Tidak di sangka, si Prof pun membungkuk di sela-sela meja untuk mengumpulkan
sampah-sampah tersebut dengan tangannya sendiri kemudian memasukkannya ke tong
sampah. Anehnya yang lain hanya memperhatikan saja, tidak hendak membantu.
Di
ruangan kerja beliau, terdapat sebuah tong sampah biru yang biasa digunakan
untuk bahan-bahan yang bisa di daur ulang. Sekantong tutup botol plastic juga
terdapat disamping tong sampah tersebut. Sekretaris pribadinya pun hanya bias
geleng-geleng kepala melihat tindakan beliau itu.
Penasaran,
akhirnya saya pun menanyakan kepada beliau. Kenapa beliau senang mengumpulkan
sampah tersebut. Beliaupun menjawab, bahwa pekerjaan mengumpulkan dan
memisahkan sampah itu hanyalah pekerjaan kecil dan ringan saja, namun
manfaatnya untuk keberlangsungan alam ini sangat besar. Sayangnya banyak orang
yang tidak peduli. Sampah-sampah itu akan dibuang sembarangan dan tidak
terpisahkan antara yang organik, daur ulang dan sampah umum walaupun tong untuk
masing-masing jenis sampah sudah disediakan. Kalau kita tidak bertindak maka
lingkungan ini akan lebih cepat rusaknya.
Begitulah
keunikan dari professor ini. Padahal usianya sudah sangat tua dan beliau sangat
dihormati.

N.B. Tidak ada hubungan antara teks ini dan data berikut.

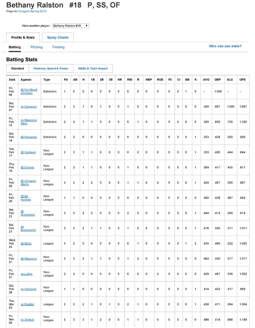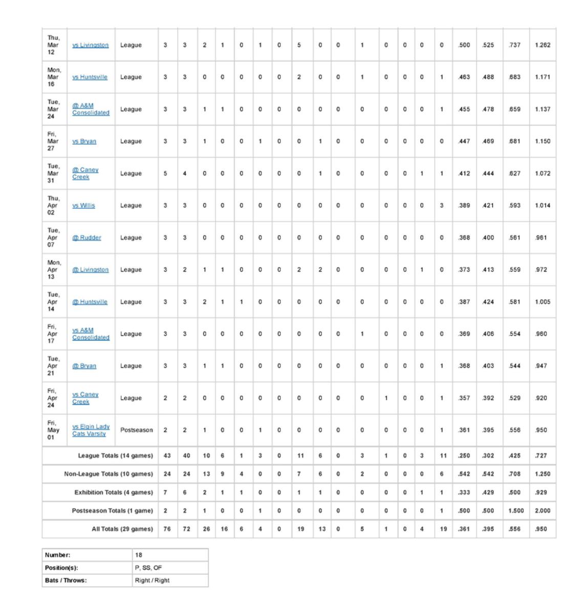 ***All statistics provided courtesy of Shawn Reynolds via GameChanger***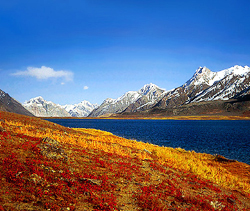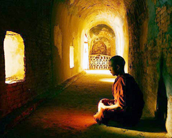 Pour des raisons politiques, l’accès des étrangers, plus spécialement des européens, au Tibet a été complètement interdite au long des siècles, ou au moins extrêmement difficile. Les voyageurs qui ont quand même réussi à entrer au Tibet, racontent avec admiration et étonnement la fascination exercée par ce pays d’une beauté hors du commun, souvent sauvage et mystérieux. Ils racontent que le paysage, par son immensité, par le contraste frappant entre le ciel, les montagnes couvertes de neige, les étendues désertes, les abîmes ahurissants et les grandes vallées, produit une impression si puissante sur l’âme et sur le mental, les orientant spontanément vers la contemplation et l’introspection. En plus, tout le Tibet est « parsemé par des CHORTENS (des constructions religieuses) et des monastères ; partout il est possible de rencontrer des drapeaux sur lesquels sont inscrits des formules ou des symboles religieux. Sur les rochers ou les versants des montagnes sont peints des symboles religieux ou des MANTRAS, par exemple le célèbre MANTRA bouddhiste „AUM MANI PADME HUM”.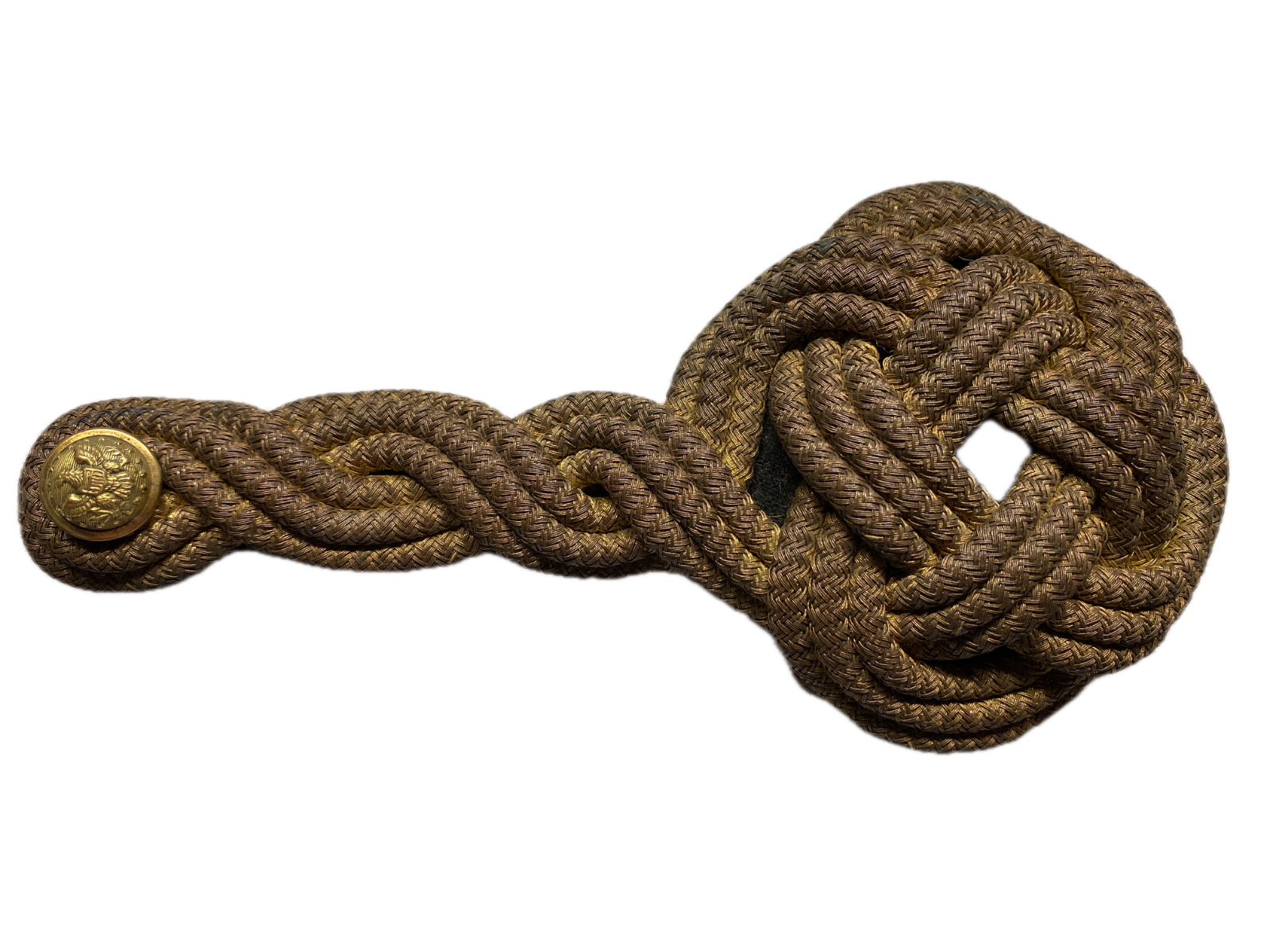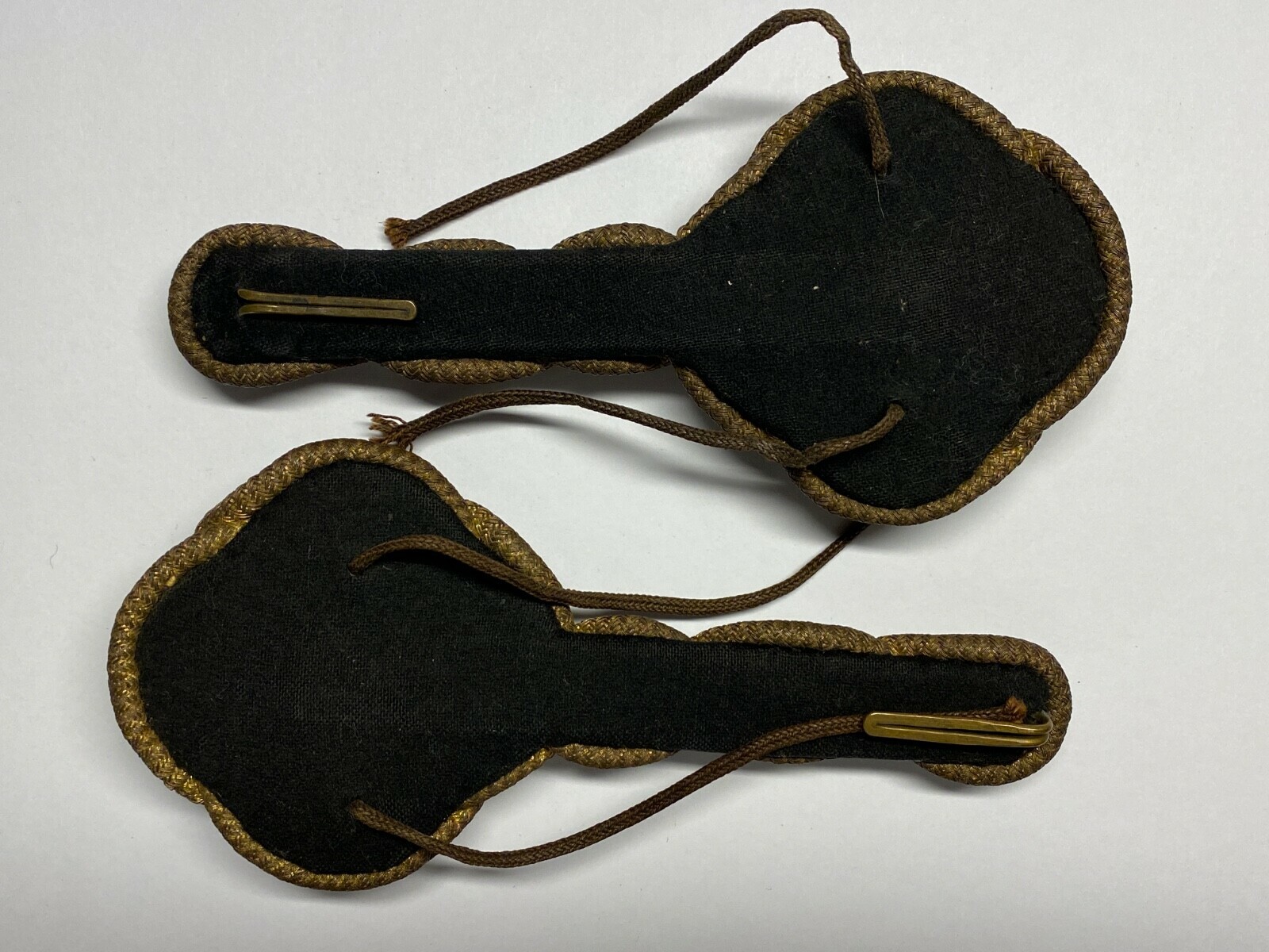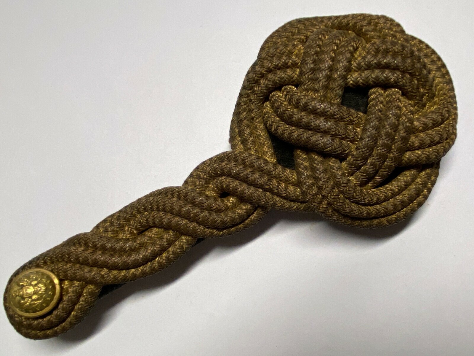 This set of Pattern 1885 NCO Shoulder Knots, has survived as an intact set, and shows little, if any, evidence of having been issued or used. Both shoulder knots are full form, have the complete lining on the underside, and original general staff service buttons are in place, the brass mounting hooks are present, and the full length ties are intact. The gilt Russian braid knots display patina due to age.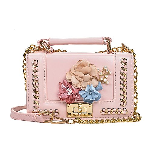 Vipeco donne mini perline fiori PU borsetta Designers catena spalla Crossbody borse, Pink, 200.00*130.00*70.00mm

Dia bisa saja meminta bantuan kami para mahasiswanya atau para dosen
yuniornya untuk melakukan yang diinginkannya. Toh sampah juga sampah kami,
sehingga tidaklah terlalu menjadi persoalan. Dia juga punya sekretaris yang
bisa dia mintai tolong, atau CS yang memang bertugas untuk itu. Tapi dia lebih
cenderung melakukannya sendiri sebagai salah satu kontribusinya menjaga
lingkungan. Bukan untuk dirinya karena dia sudah sangat tua, tapi untuk
generasi-generasi mendatang. Semoga ada hikmahnya.